Add some love-death imagery and you have a novel perpetually in danger of going overboard, but Highsmith was writing from the head as well as her own obsessive heart. The story is as skillfully plotted as ''The Talented Mr. Ripley." And as seductively, too. Therese and Carol were as meant for each other as Cinderella and the Prince.

By 1995, gays and lesbians not only dared to speak the name of their love, but Highsmith felt comfortable publishing a novel about homosexuality under her own name. Its title refers to how bars and bistros are listed in some guidebooks -- ''small g" meaning a gay, but not exculsively gay, clientele.

The two main characters, Rickie and Luisa, were both in love with the same man, who is murdered at the beginning of the novel. The platonic bond that forms between them is lovingly described by Highsmith, as is the camaraderie at Jakob's, the Zurich bar where everybody knows their name.

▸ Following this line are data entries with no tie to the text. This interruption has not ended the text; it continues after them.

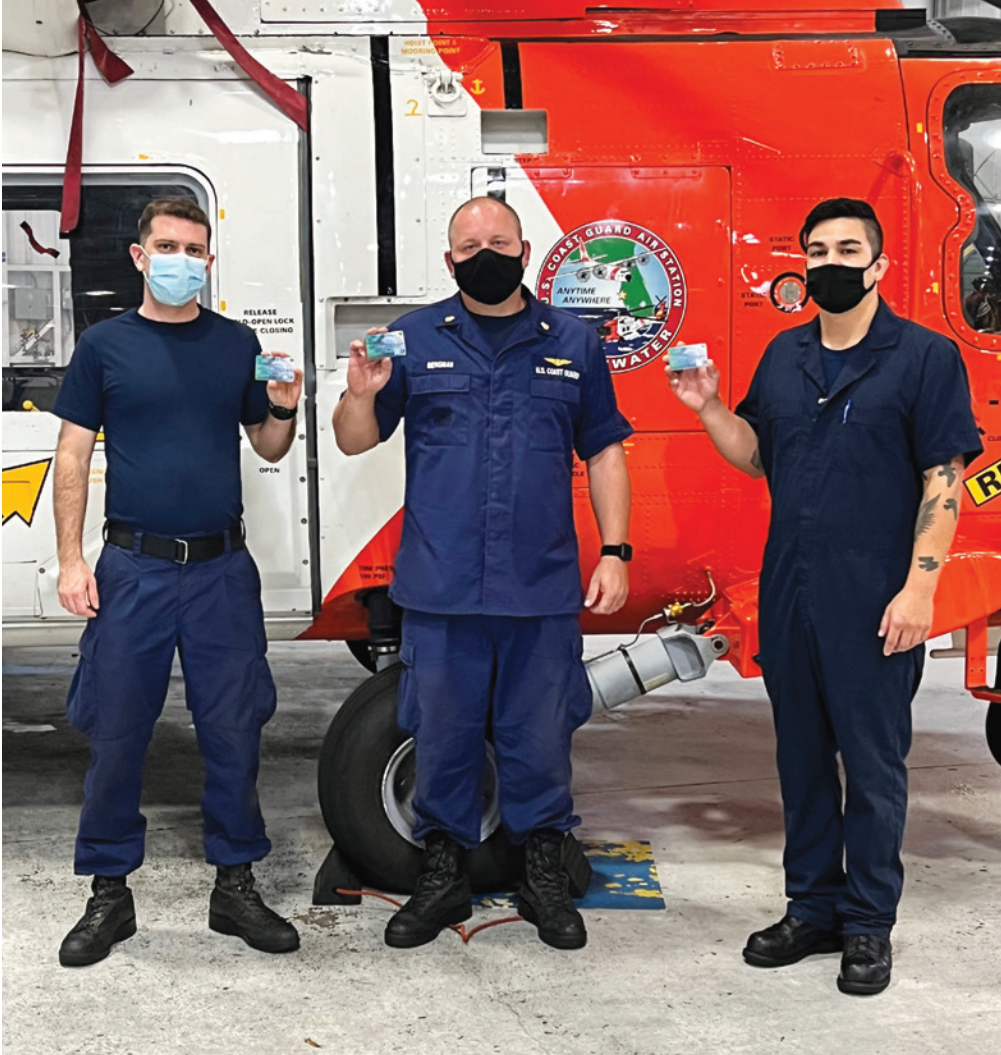
COAST GUARD MEMBERS FROM AIR STATION CLEARWATER RECEIVED THEIR AIRFRAME AND POWERPLANT LICENSES THROUGH CERTIFIED COURSEWORK FUNDED BY THE FOUNDATION. PROFESSIONAL TRAINING PROGRAMS ALLOW COAST GUARD MEMBERS TO MAKE USE OF VALUABLE SKILLS DURING THEIR SERVICE AND BEYOND.

602 COAST GUARD MEMBERS AND SPOUSES ASSISTED THROUGH OUR WORKFORCE DEVELOPMENT PROGRAMS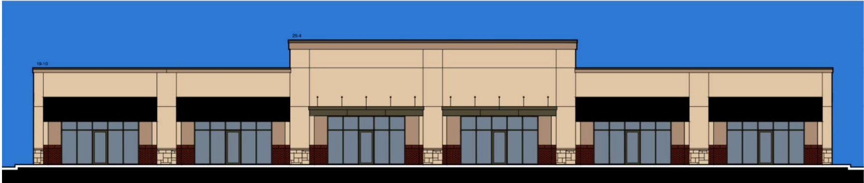
Building E – East View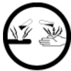
E - Corrosive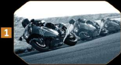
1 Power Mode Selector Three different engine output modes that control power delivery to match road and riding conditions.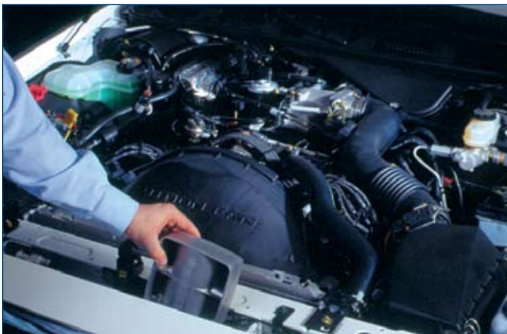
DynaMax speakers fit easily behind the grille.

Designed for versatility, the ES100 mounts easily into grille, flush between the bumper and hose tray of large apparatus and to most vehicle bumpers. A variety of mounts and brackets are also available to make installation as simple as possible.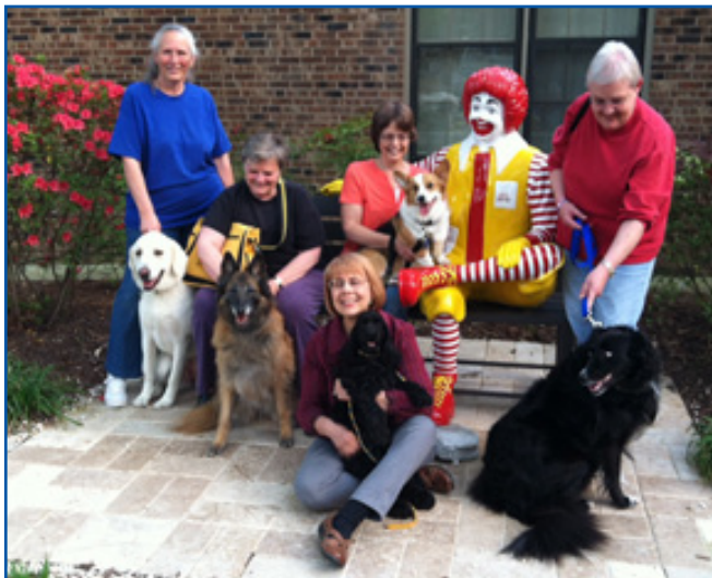
Graduates from the Spring 2013 Pet Therapy class.

In the case of my long-ago patient, Stone, with whom I first walked this path, I am glad to say that he did not suffer unnecessarily with osteosarcoma. His owner made a good decision, and Stone crossed the rainbow bridge while in the loving arms of his people. He was remembered by them as a strong, loving protector of the children in his family, and I will always remember his owner for having the strength and wisdom I hope we’ll all have when the time comes to say that final goodbye.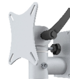
Part No. 2000492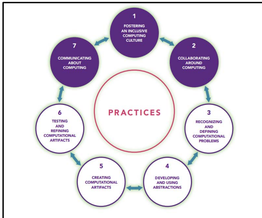
Figure 2: Practices- K-12 Computer Science Framework. (2016)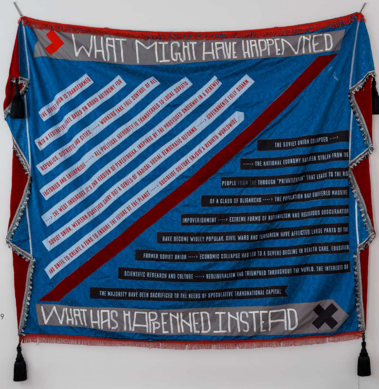
CHTO DELAT Perestroika Banner, version 1, 2019 200 x 220 cm | 79 x 86 in Mixed textiles (sewed), vinyl paint

Not that there isn't a villain. Renate, Luisa's boss, hates homosexuals even though there's more than a hint that she has the hots for Luisa herself. That's in keeping with the ''Smiles of a Summer Night" feel of the book, as the more in love one becomes, the more impossible it seems to consummate that love.

As with Therese and Carol, Highsmith gets you rooting for both Rickie, who has been diagnosed with AIDS, and Luisa, who is being wooed by both a man and a woman. Gone, though, is the obsessiveness of ''The Price of Salt." In ''Small g," finished months before she passed away, there is an acceptance of limitations in love and life.

Nevertheless, the book is an idyll and full of romance -- though it could use more of the sensuality in ''The Price of Salt." As Teddie, the young man who falls for Luisa (and whom Rickie adores) says when he stumbles across Jakob's: ''Ending up in a strange neighborhood and dropping into a friendly bar and restaurant like Jakob's and meeting . . . a pretty girl and dancing with her. It's a whole new world."

The novel did start out as a crime story, but somewhere along the line Highsmith decided to leave us, instead, with this very sweet going-away present.

Ed Siegel is a member of the Globe staff.